Слушая Юрку, я смеялся поначалу как молоденькая девушка, за которой начинает ухаживать этакий Жан Маре. В конце-то я ошалел, потому что Юра предложил мне поставить ряд экспериментов. Мы нарезали бумажки — 16 бумажек и нанесли на них четыре изображения: звездочка, кружок, квадрат и параллельные линии. Он передавал мне, а я, настроившись на его волну, принимал его передачу. Из 16-ти я 7 или 8 принял. Когда я ему пытался передавать — он принял только 3, и, как ученый, привыкший к точности формулировок, он утверждал, что мое писательское «я» больше приспособлено к восприятию, нежели к передаче. По-моему, это разумно и здорово.
Потом мы попробовали подключить к этому делу Катюшку, и Юра стал передавать нам обоим. Получилась любопытная картина: я, сидевший к нему ближе, чем Катюша, мешал эксперименту, т. к. Катюшка приняла все мои сигналы, а не Юрины. Я был своеобразной «помехой» на пути движения его воли к ней, принимал их на себя и уже свое, местами ошибочное, восприятие передиктовывал Кате.

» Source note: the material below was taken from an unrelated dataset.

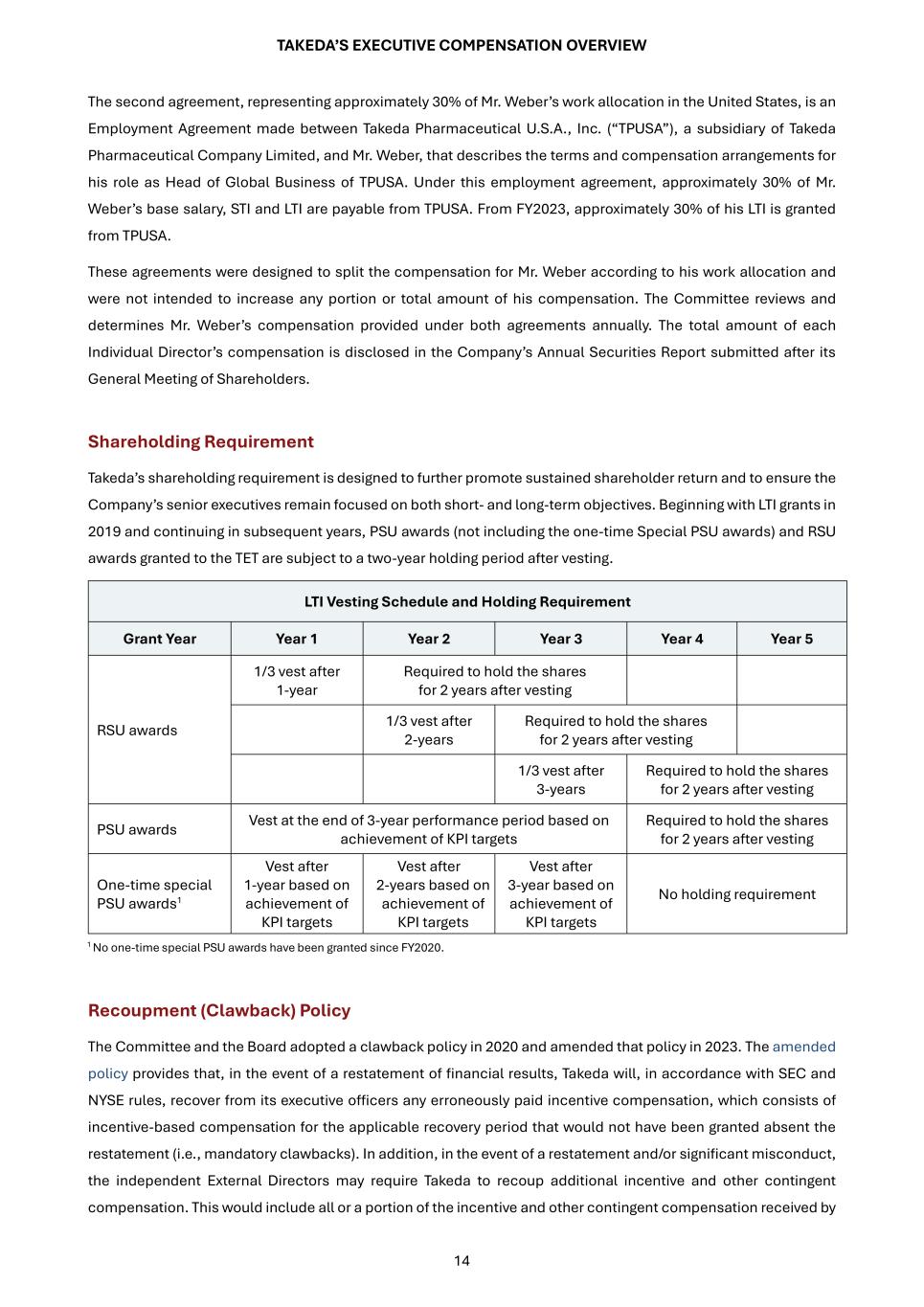 TAKEDA’S EXECUTIVE COMPENSATION OVERVIEW 14 The second agreement, representing approximately 30% of Mr. Weber’s work allocation in the United States, is an Employment Agreement made between Takeda Pharmaceutical U.S.A., Inc. (“TPUSA”), a subsidiary of Takeda Pharmaceutical Company Limited, and Mr. Weber, that describes the terms and compensation arrangements for his role as Head of Global Business of TPUSA. Under this employment agreement, approximately 30% of Mr. Weber’s base salary, STI and LTI are payable from TPUSA. From FY2023, approximately 30% of his LTI is granted from TPUSA. These agreements were designed to split the compensation for Mr. Weber according to his work allocation and were not intended to increase any portion or total amount of his compensation. The Committee reviews and determines Mr. Weber’s compensation provided under both agreements annually. The total amount of each Individual Director’s compensation is disclosed in the Company’s Annual Securities Report submitted after its General Meeting of Shareholders. Shareholding Requirement Takeda’s shareholding requirement is designed to further promote sustained shareholder return and to ensure the Company’s senior executives remain focused on both short- and long-term objectives. Beginning with LTI grants in 2019 and continuing in subsequent years, PSU awards (not including the one-time Special PSU awards) and RSU awards granted to the TET are subject to a two-year holding period after vesting. LTI Vesting Schedule and Holding Requirement Grant Year Year 1 Year 2 Year 3 Year 4 Year 5 RSU awards 1/3 vest after 1-year Required to hold the shares for 2 years after vesting 1/3 vest after 2-years Required to hold the shares for 2 years after vesting 1/3 vest after 3-years Required to hold the shares for 2 years after vesting PSU awards Vest at the end of 3-year performance period based on achievement of KPI targets Required to hold the shares for 2 years after vesting One-time special PSU awards1 Vest after 1-year based on achievement of KPI targets Vest after 2-years based on achievement of KPI targets Vest after 3-year based on achievement of KPI targets No holding requirement 1 No one-time special PSU awards have been granted since FY2020. Recoupment (Clawback) Policy The Committee and the Board adopted a clawback policy in 2020 and amended that policy in 2023. The amended policy provides that, in the event of a restatement of financial results, Takeda will, in accordance with SEC and NYSE rules, recover from its executive officers any erroneously paid incentive compensation, which consists of incentive-based compensation for the applicable recovery period that would not have been granted absent the restatement (i.e., mandatory clawbacks). In addition, in the event of a restatement and/or significant misconduct, the independent External Directors may require Takeda to recoup additional incentive and other contingent compensation. This would include all or a portion of the incentive and other contingent compensation received by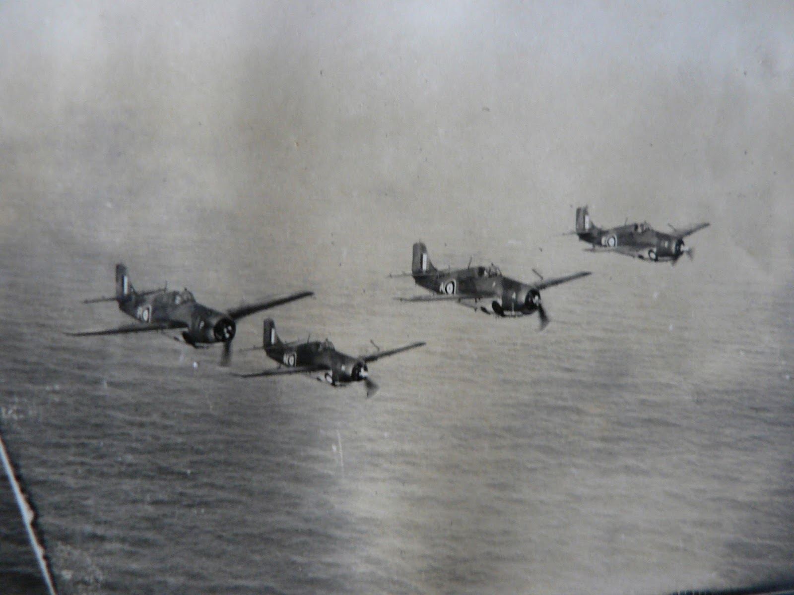 So, with Formidable now out in internet land for sale, I thought I would post some photos of some elements that gave me inspiration for the plot. As I say in the author's notes at the end of the book, my father flew from Formidable in 888 Squadron during the war. The aircraft they flew was the Martlet although the Yanks called it the Wildcat and the RN changed the name back later in the war. It originally went up against the Brewster Buffalo in a procurement competition before the war. It lost, apparently because of cooling issues with its radial engine. The Buffalo went on to be a complete disater when it came up against the Japanese Zero for the first time. The Wildcat would have fared much better. I believe there may have been some skullduggery between the competing manufacturers during the competition - hard to believe of course! However, the French had ordered some which by the time they were ready - they no longer had any need for and the FAA got their sticky fingers on them instead. Not a bad thing at the time as complete neglect of maritime aviation by the RAF in the interwar years meant that the only other fighter available to the FAA was the Blackburn ROC and it only had guns that could fire backwards!! 888 was also unusual as it was commanded by a Royal Marine. So here are a few photos from my father's album:

Говорили мы очень много и интересно. В основном, конечно, эта интересность шла от Юры. Материал, подобный этому — физика Штейнгауза я читал дня три тому назад, — прислали из журнала на рецензию.

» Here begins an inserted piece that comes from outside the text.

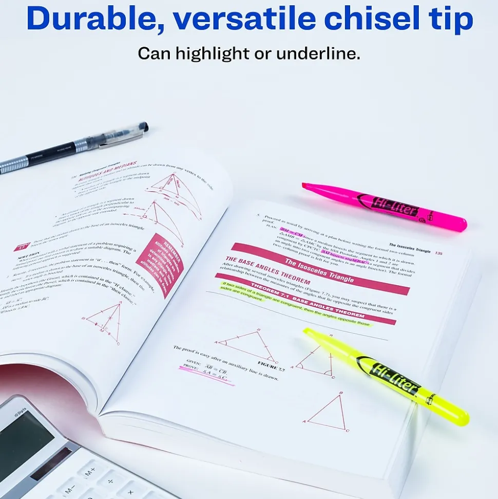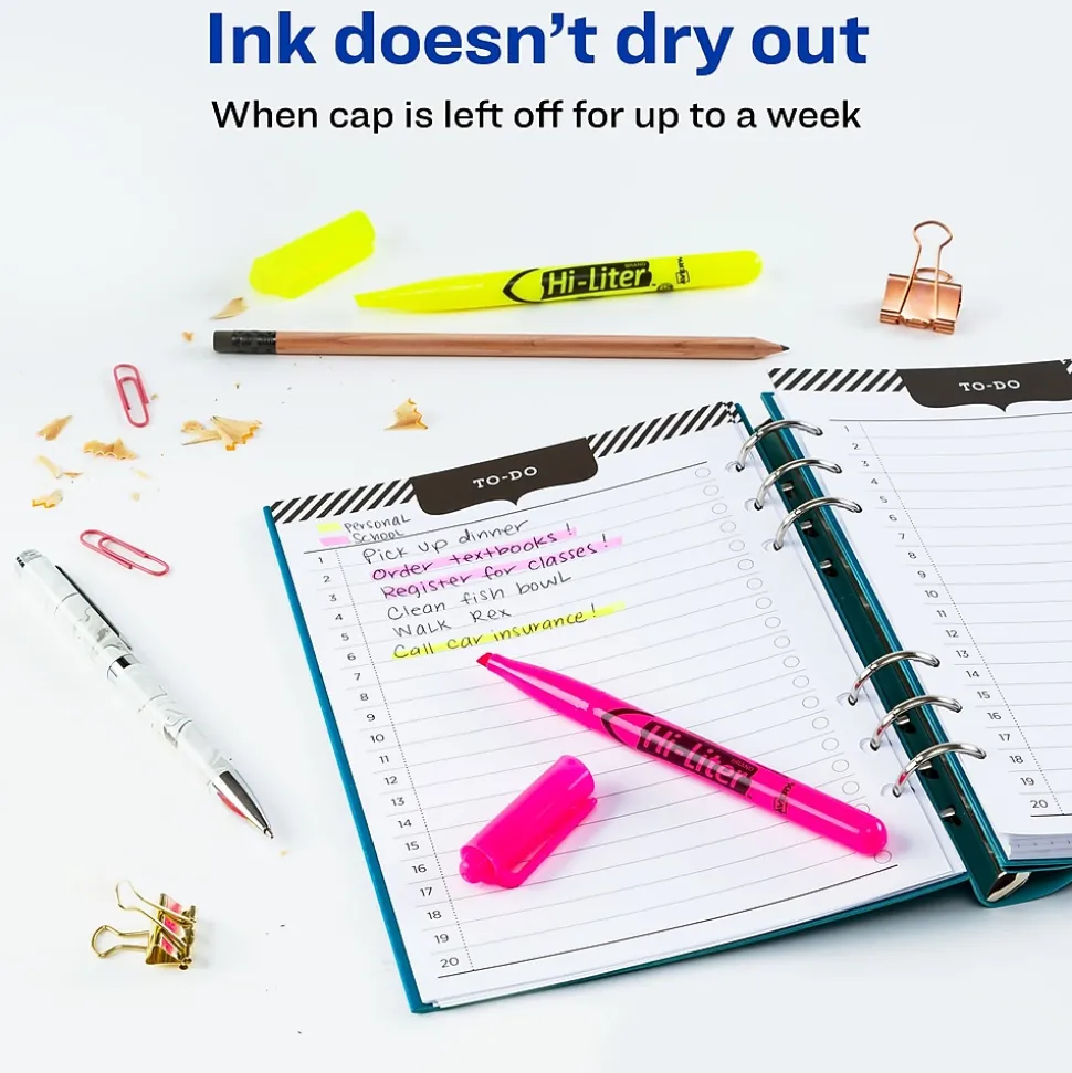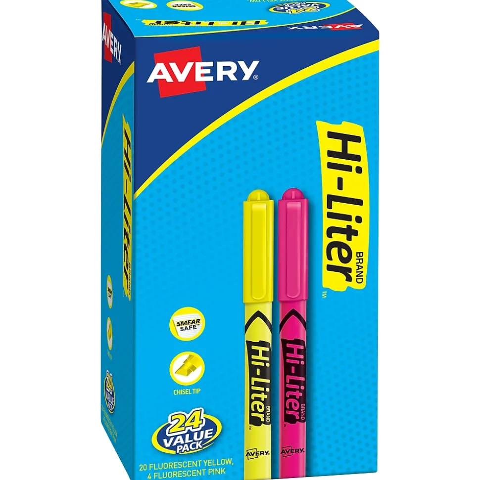 Keep track of important ideas and concepts with these fluorescent highlighters. The chisel tips make it easy to create fine lines or broad strokes, while the pink and yellow hues let you color-code information. These Avery Hi-Liter pen-style highlighters feature slim round barrels for a comfortable grip.

Это — большой материал о новой науке — бионике. Эта наука должна учиться у животных, у рыб, у птиц. Для этого необходимо разгадать, что лежит в подоплеке миграции рыб, как может птица — причем не в стае, а одна — делать свой ежегодный перелет с севера на юг и с юга на север. То есть, в мире техники, в общем-то уже все известно — круг есть, турбина есть, атом расщеплен; теперь наступает пора разгадать, а разгадав, поставить на службу человечеству все то неизвестное, что окружает нас в животном мире. То есть, если мы поймем принцип и технику перелетов птиц, то стоимость самолета упадет раз в двадцать, потому что вместо десятков тысяч радиоэлектронных приборов самолету потребуется один маленький приборчик, который сейчас, как мы знаем, грубо говоря, умещается в голове птицы…
Когда думаешь об этом, с одной стороны, поражаешься неистовству человеческого знания, дерзости и какой-то, если хотите, самоуничиженности (ползти на коленях к птице и рыбе за помощью); и еще — странно делается.
Если человечество поймет технику парапсихологии, телепатии, бионики, то тогда человек перестанет быть человеком; ни о чем нельзя будет думать, потому что твою мысль в любом научно-вычислительном центре могут записать от «а» до «я», и уж тут-то ошибки никакой не будет! Скажут: «Думал по этому вопросу?» — «Думал». «Ругал то?» — «Ругал». Машина — она, брат, — машина…
На этой почве много появилось маленько трехнутых. К Юрке Холодову пришел один сумасшедший и говорит:
— Знаете, меня окружают не наши люди. Сначала-то я думал — бериевцы, а теперь решил: нет, — американцы! У меня из головы все гениальные идеи они своими машинами вытягивают. Только я что-то придумаю, а они с помощью магнитных полей своих все это к себе, к себе!
Юра ему говорит:
— Но вы ведь инженер, вы должны знать технику экранирования. Предохраните себя каким-нибудь методическим кругом над головой во время ваших научных изысканий.
Тот горько усмехается:
— Да что вы! Я уже делал такой круг, но ведь как только его с головы снимешь, они тут как тут и начинают! Я ведь уже больше того — я себе вокруг кровати металлический склепчик устроил, а жена с сыном — люди несознательные — говорят: «Ты что — сумасшедший?!»
В прошлую субботу читал в Пушкинском театре пьесу «Дети отцов». Была вся труппа, за исключением разве что Чиркова, который болен. Пьесу приняли, говоря откровенно, очень здорово — аплодисменты и т. д. Все выступавшие говорили, что пьесу надо не то что брать — пьесу надо немедленно ставить.
Только одна хорошенькая актриса — Марина Кузнецова, которая в общем-то тоже двумя руками за пьесу, говорила: «Ну все-таки хочется побольше оптимизма». Ее прерывали. Она обижалась. Ей кричали: «Оптимизма и так много!», и кричал в первую очередь артист Бубнов — секретарь парткома театра, актер, запомнившийся мне по фильму «Ночной патруль», где он великолепно сыграл роль бандита — уголовника Бугра.
Одна красивая актриса сказала режиссеру Жене Евдокимову после читки: «Мне достанется роль Киры». Это смешно, потому что Кира у меня в пьесе вообще не появляется.